In support of the complainant’s position, it must be taken into consideration that to her, the headscarf is not only a sign of affiliation with a certain religious group that could be taken off at any time – like, for example, the cross worn on a necklace. Rather, wearing the headscarf to her means fulfilling a requirement that she considers imperative. As there is no similarly widespread equivalent requirement in the Christian faith, a general ban on manifestations of religious belief has a stronger impact on the complainant than on other religious public officials.

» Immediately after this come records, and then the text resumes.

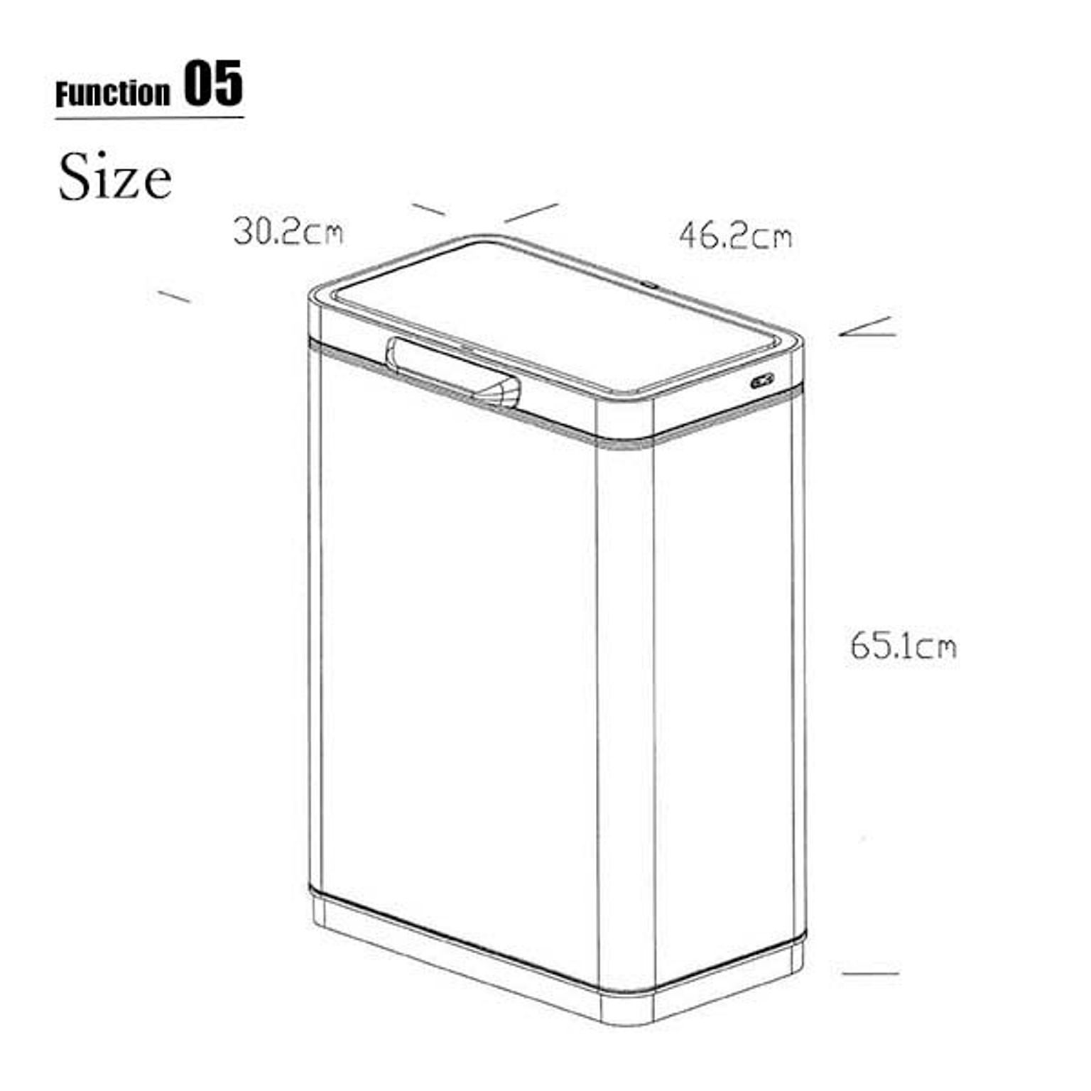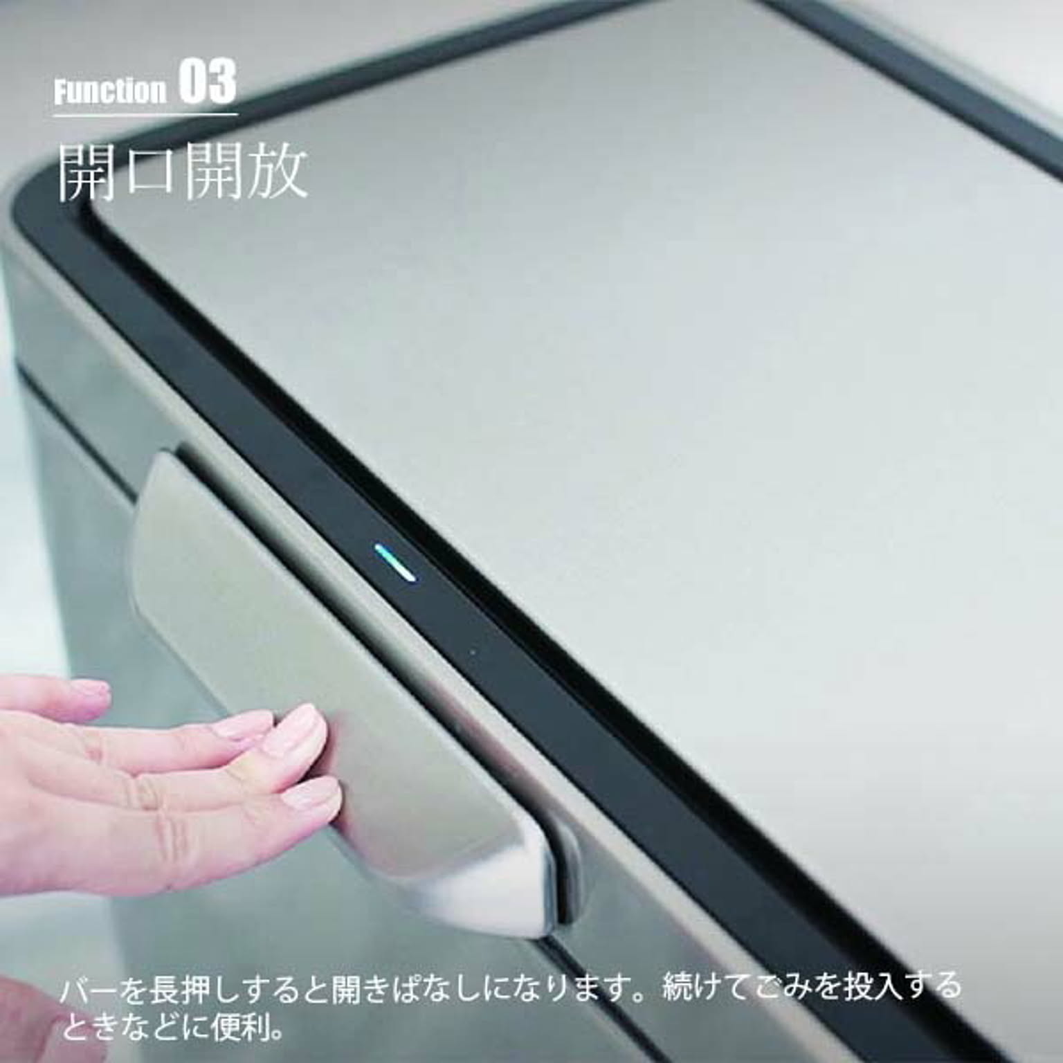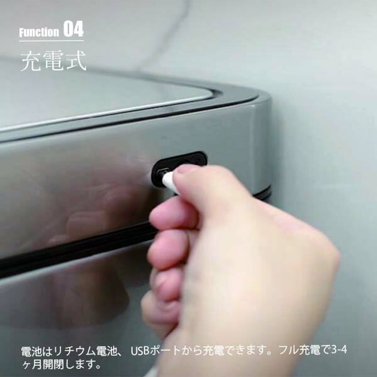 通常のタッチバー式ゴミ箱は開いた後に手でフタを閉じる必要がありました。イータッチは5秒後に自動でフタが閉じるタッチバー式ゴミ箱です。手がふさがっている時などは脚でもタッチできる構造。おまけにリチウムイオンバッテリー充電方式で電池交換の手間がかかりません。 表面は指紋が残りにくい加工を施したステンレス加工。
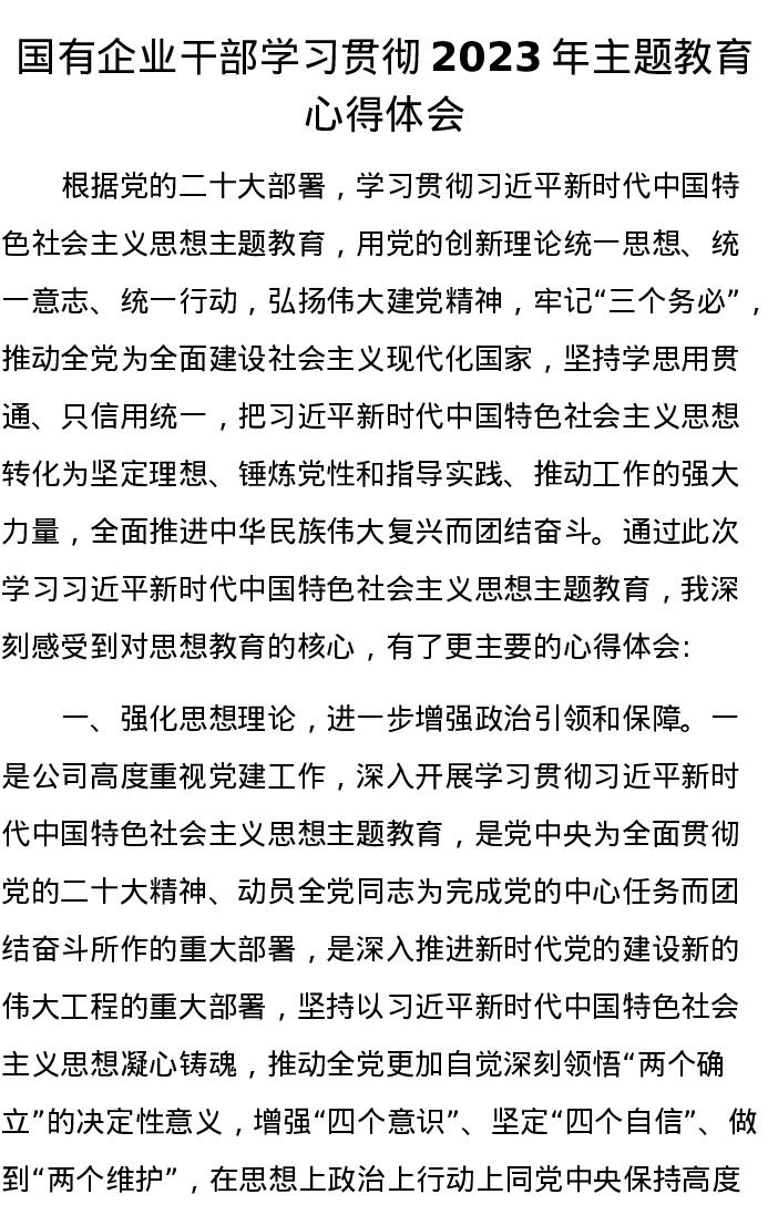 国有企业干部学习贯彻2023年主题教育心得体会(特色社会主义思想)
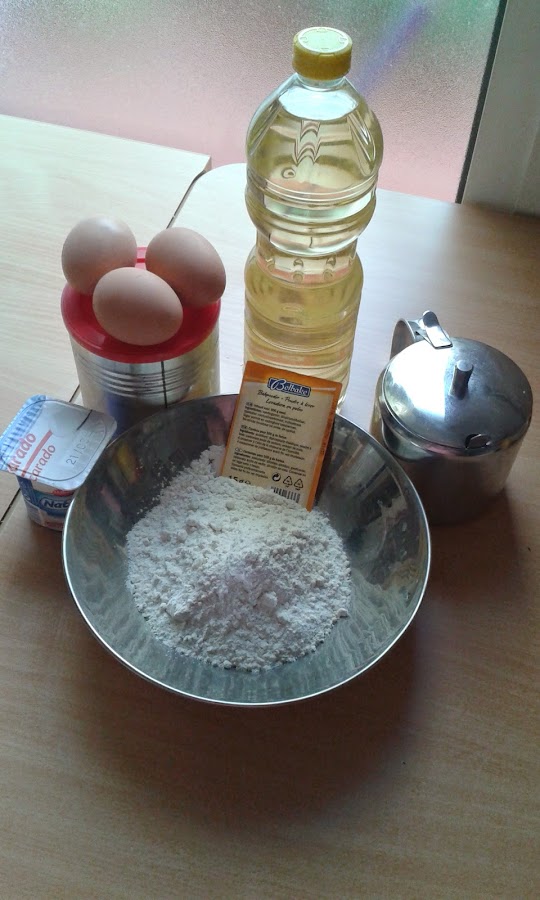 El primer paso es separar las claras de la yemas, en la receta en que me base no lo hacen , pero yo la prefiero para que salga más esponjoso. A continuación batir las yemas con el azúcar. Batir hasta que estén perfectamente mezclados, una masa homogénea. Añadir el yogur, la leche condensada y el aceite de girasol. Se vuelve a mezclar hasta que todo este unido. Una vez este todo unido, se le añade la harina tamizada junto con la levadura.
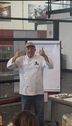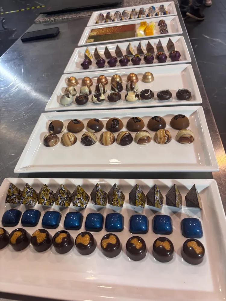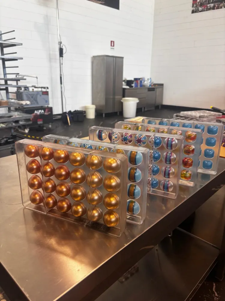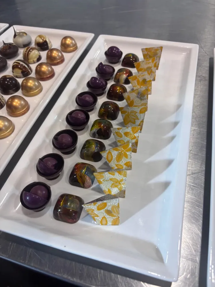 Luis (@luisamado777) ovládol prvú polovicu týždňa svojimi kurzami Avant-garde Pralines. Jeho energia je doslova nákazlivá. Ukázal nám, že pralinka nie je len sladkosť, ale umelecké dielo, kde sa moderný dizajn stretáva s nečakanými chuťovými kombináciami. Jeho prístup k estetike a technike striekania foriem posúva hranice súčasnej čokoládovni.
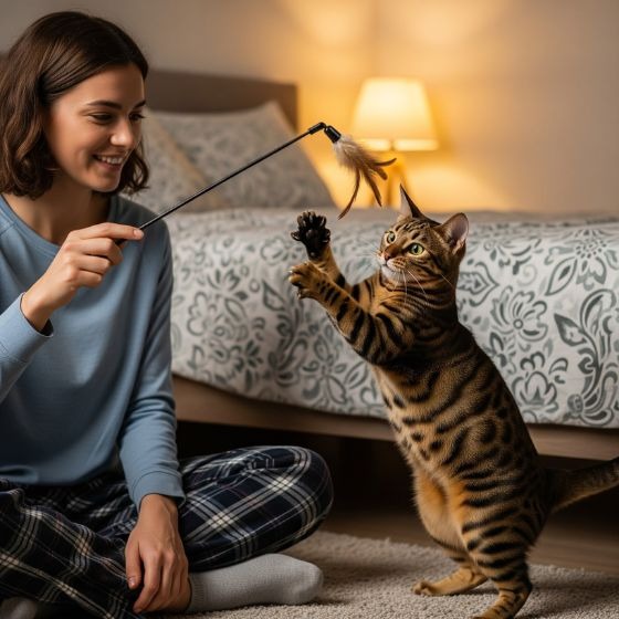 Spend 15 to 20 minutes playing with your cat before you go to bed. Use a wand toy to help your cat run and jump during playtime. This will help them burn energy and be ready to sleep when the lights go out.
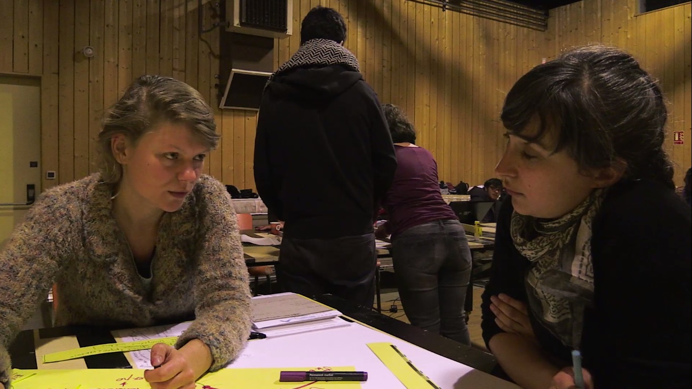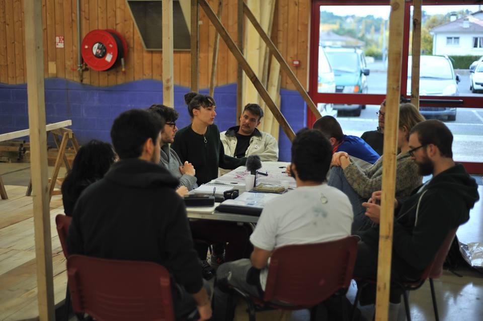 16 et 17 novembre 2016 à Bergerac – La Catte, Festival [TrafiK]* 2016 : alors que des étudiants et des artistes professionnels s’affairent à construire une installation de très grand volume, expérimentation vivante et mouvante, La Maison des Invité-e-s, au sein de l’Espace René Coicaud, un autre groupe établit les bases d’une réflexion commune sur plusieurs thèmes de coopération : la mobilité, la solidarité et la rencontre.
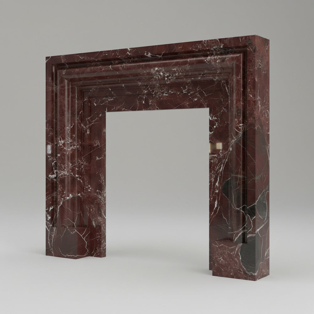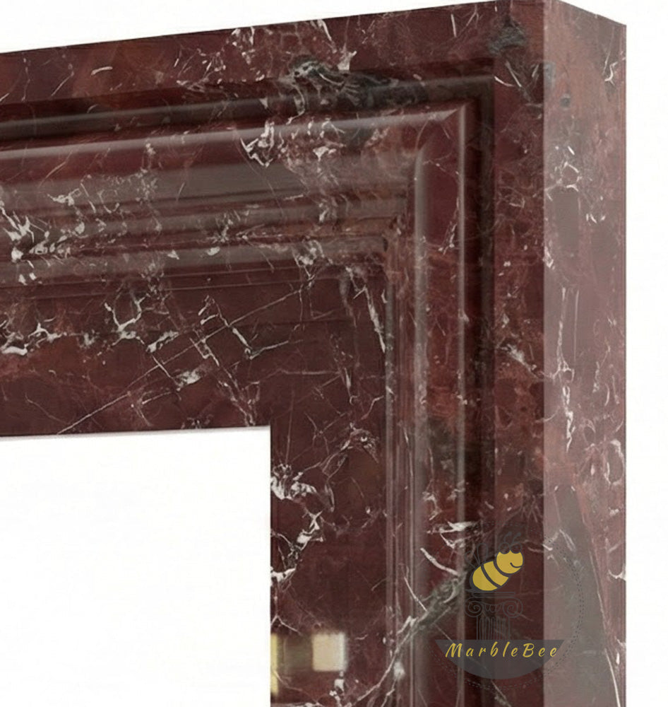 Marble fireplace surround | Stepped bolection molding | Width 59 Inch | Rosso Levanto

There is more of that drivel. Fortunately, one sane person was among the – unelected – judges.
Separate Opinion of Justice Maidowski
A ban on wearing a headscarf amounts to a serious interference with both the complainant’s freedom of training and her freedom of faith. This interference cannot be justified under constitutional law. Based on the consideration that both fundamental rights are equally relevant in this case, that they complement one another and that they must be assessed on the basis of their own standards, the interests against such a ban prevail; it must thus be considered disproportionate.
Read in full here.
This German professor called the Constitutional Court
A federal constitutional court of resentment
and the decision “provincialism for secularists”.
It can be safely assumed that the CC will find yet a fourth moment of legal indulgence of the highest order.